En steeds weer komt de Taag in beeld, 'de rivier die de grens vormde van
Pessoa's stadslandschap en tegelijkertijd de opening biedt tot een verte die
slechts in dromen werkelijk bestaat.'
Volgens de dichter Rui Cóias
bestaat het Lissabon waarin je Pessoa nog kon 'voelen' niet meer. Hij zag de
stad veranderen in een soort Disneyland, Pessoa in een merk. Saramago noemde
Lissabon 'één grote zielsverhuizing', zwevend 'tussen zijn en niet meer zijn'.
Gelukkig leeft literatuur in Lissabon nog steeds, mede dankzij de
literatuurminnende president Marcelo Rebelo de Sousa. Zo is er de jaarlijkse 'Feira
do Livro', een publieksbeurs waar schrijvers hun lezers ontmoeten en met elkaar
van gedachten wisselen over literatuur. Saramago en Lobo Antunes streden er
gedurig om de langste rij.
Licht op Lissabon is
volgestouwd met namen van historische figuren, heiligen en literatoren.

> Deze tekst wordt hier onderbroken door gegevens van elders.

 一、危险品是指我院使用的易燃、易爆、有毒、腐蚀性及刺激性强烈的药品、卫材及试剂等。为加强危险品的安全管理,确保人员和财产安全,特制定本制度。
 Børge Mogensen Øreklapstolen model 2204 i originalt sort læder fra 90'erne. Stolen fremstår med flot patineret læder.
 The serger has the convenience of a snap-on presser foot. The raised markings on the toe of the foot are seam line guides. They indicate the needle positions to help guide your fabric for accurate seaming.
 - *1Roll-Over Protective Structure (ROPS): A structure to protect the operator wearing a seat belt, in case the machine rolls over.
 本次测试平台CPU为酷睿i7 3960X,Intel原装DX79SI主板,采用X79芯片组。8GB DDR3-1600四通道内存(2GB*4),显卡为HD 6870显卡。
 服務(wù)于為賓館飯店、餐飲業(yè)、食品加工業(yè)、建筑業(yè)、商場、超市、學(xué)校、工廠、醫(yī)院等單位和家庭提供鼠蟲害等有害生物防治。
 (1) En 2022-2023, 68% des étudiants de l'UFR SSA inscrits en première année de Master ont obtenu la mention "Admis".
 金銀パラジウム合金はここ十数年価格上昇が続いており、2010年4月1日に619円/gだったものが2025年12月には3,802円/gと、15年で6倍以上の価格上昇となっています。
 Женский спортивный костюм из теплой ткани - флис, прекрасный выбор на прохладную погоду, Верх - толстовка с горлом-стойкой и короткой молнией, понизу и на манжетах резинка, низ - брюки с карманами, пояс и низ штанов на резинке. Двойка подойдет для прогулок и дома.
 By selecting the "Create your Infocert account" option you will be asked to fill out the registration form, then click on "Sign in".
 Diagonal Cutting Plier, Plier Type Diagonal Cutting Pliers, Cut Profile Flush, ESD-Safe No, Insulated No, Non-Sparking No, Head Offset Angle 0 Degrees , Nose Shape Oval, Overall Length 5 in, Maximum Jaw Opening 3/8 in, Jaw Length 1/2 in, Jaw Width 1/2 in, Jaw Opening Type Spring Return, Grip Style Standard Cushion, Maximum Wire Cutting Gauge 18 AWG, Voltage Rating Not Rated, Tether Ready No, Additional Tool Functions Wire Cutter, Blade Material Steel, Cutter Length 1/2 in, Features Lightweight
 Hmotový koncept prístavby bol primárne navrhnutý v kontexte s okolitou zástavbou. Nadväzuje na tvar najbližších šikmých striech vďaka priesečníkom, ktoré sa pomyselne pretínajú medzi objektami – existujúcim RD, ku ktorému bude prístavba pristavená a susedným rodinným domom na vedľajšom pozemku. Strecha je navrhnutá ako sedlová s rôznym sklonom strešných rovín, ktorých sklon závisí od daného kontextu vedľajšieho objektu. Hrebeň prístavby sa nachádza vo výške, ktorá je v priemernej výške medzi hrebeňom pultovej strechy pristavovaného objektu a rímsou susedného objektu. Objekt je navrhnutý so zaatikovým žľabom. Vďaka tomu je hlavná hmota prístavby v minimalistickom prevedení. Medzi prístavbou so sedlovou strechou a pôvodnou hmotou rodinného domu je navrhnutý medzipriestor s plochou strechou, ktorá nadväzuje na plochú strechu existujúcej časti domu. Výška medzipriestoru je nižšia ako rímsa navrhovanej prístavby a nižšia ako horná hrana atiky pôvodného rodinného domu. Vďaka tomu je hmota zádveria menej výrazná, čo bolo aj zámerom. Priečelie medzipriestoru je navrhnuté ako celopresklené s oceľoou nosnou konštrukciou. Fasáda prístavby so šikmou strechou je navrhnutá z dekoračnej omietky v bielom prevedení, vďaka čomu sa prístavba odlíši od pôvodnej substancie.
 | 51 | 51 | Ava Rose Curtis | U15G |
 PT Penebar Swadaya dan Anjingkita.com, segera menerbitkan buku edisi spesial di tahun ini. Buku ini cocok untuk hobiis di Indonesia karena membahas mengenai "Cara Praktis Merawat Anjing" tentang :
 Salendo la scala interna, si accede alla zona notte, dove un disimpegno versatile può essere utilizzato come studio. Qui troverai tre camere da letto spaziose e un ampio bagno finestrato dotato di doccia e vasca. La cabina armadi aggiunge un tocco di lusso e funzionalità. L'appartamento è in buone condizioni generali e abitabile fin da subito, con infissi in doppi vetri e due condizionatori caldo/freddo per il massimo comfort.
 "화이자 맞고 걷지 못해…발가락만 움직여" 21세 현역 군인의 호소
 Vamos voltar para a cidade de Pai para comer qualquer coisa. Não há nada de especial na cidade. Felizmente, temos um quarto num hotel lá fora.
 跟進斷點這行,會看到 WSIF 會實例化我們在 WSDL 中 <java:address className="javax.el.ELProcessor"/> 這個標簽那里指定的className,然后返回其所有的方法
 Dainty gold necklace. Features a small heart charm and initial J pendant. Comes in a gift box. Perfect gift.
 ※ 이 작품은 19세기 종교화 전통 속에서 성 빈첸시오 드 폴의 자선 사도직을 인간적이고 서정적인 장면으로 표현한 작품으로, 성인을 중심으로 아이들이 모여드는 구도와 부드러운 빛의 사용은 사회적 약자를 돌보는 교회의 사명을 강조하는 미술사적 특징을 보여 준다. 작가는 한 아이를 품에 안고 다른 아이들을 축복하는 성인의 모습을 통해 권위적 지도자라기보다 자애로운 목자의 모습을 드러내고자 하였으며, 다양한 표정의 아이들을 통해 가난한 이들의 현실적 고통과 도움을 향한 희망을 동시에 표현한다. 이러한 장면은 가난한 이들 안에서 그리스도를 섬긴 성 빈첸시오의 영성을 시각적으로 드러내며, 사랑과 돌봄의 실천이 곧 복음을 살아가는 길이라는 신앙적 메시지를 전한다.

Het is
raadzaam de flarden informatie hun eigen weg te laten gaan, nu en dan terug te
bladeren, iets op te zoeken en telkens weer een andere van de vele deuren te
openen waarlangs je dit boek kan betreden. Zelf naar believen het grote verhaal
smeden en je eigen licht op Lissabon werpen: dat is wat Lemmens met zijn
rondleiding beoogt. Hoe dan ook voert zijn ingenieuze vertelstijl je naar het
kloppende hart van een stad in beweging en naar dat mooie, gloedvolle licht,
treffend gevat in de bijgevoegde foto's van Ana Carvalho.
Harrie Lemmens: Licht op
Lissabon, De Arbeiderspers, Amsterdam 2021, 408 p. : ill. ISBN 9789029528306.